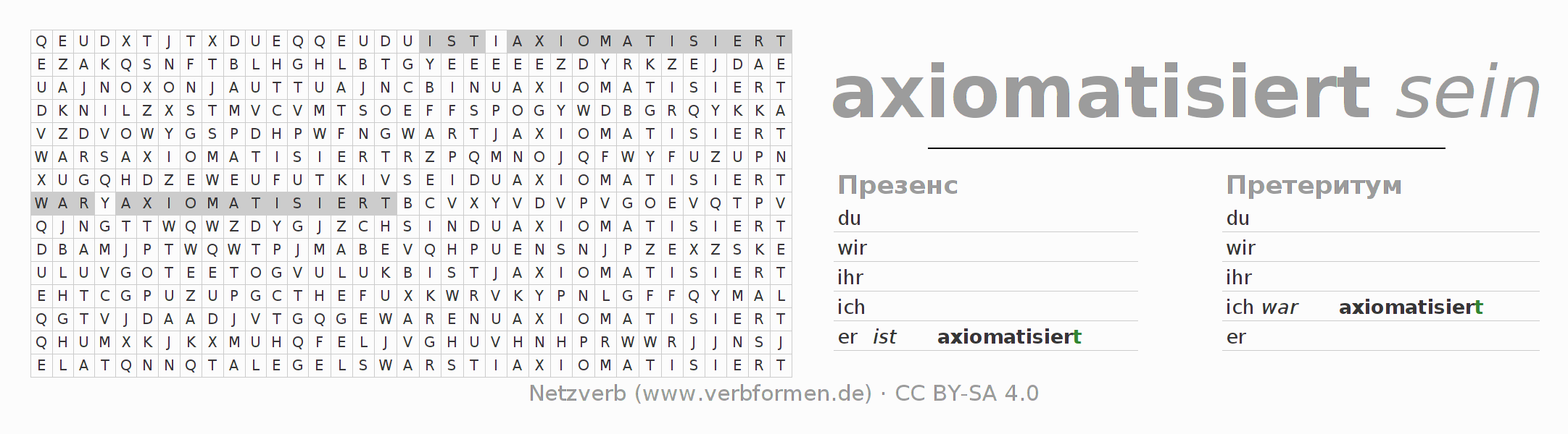 С помощью этих головоломок по поиску слов Вы можете подходящим для Вас способом изучать спряжение немецкого глагола axiomatisieren.
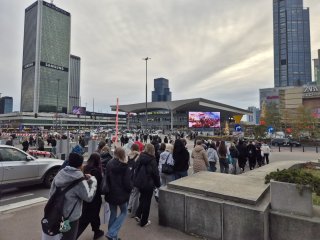 Wycieczkę zaczęliśmy od Punktu Informacji Turystycznej przy Pałacu Kultury i Nauki, gdzie odbywały się Targi.
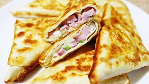 Треугольнички из лаваша с сыром и ветчиной. На завтрак лучше не придумаешь
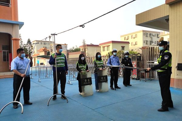 演練前,德育處歐見標(biāo)主任對防暴安全演練做好部署,對安保人員和應(yīng)急小單元成員宣講了反恐防暴知識,并現(xiàn)場演示鋼叉、盾牌等常用器械的使用方法。提醒注意事項,落實流程細(xì)節(jié),以確保演練活動順利開展。
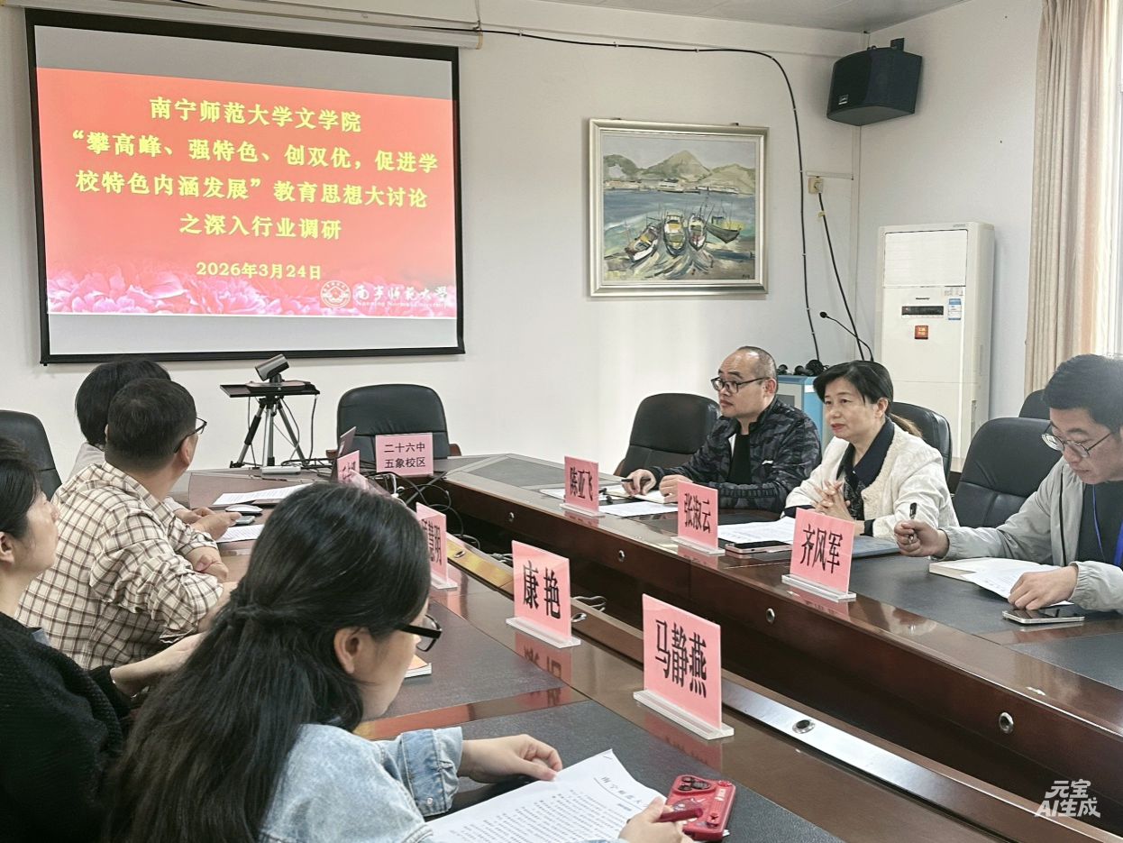 为深入推进“攀高峰、强特色、创双优,促进学校特色内涵发展”教育思想大讨论,进一步加强校际协同育人,推动师范生培养与中学教育实际需求深度融合,3月24日,南宁师范大学文学院党委副书记吴幼坚、副院长张淑云分别带队赴南宁市第八中学和南宁市第二十六中学开展专题调研。南宁市第八中学副校长闫晶晶、南宁市第二十六中学副校长顾慧明及两校的教师代表参与了调研座谈。

WHAT YOU NEED TO DO> Repeat the lines exactly as they stand, from the opening line of the data through the line with "Wycieczkę zaczęliśmy od". Pictures stay out of the copy.

YOUR RESPONSE>
 С помощью этих головоломок по поиску слов Вы можете подходящим для Вас способом изучать спряжение немецкого глагола axiomatisieren.
 Wycieczkę zaczęliśmy od Punktu Informacji Turystycznej przy Pałacu Kultury i Nauki, gdzie odbywały się Targi.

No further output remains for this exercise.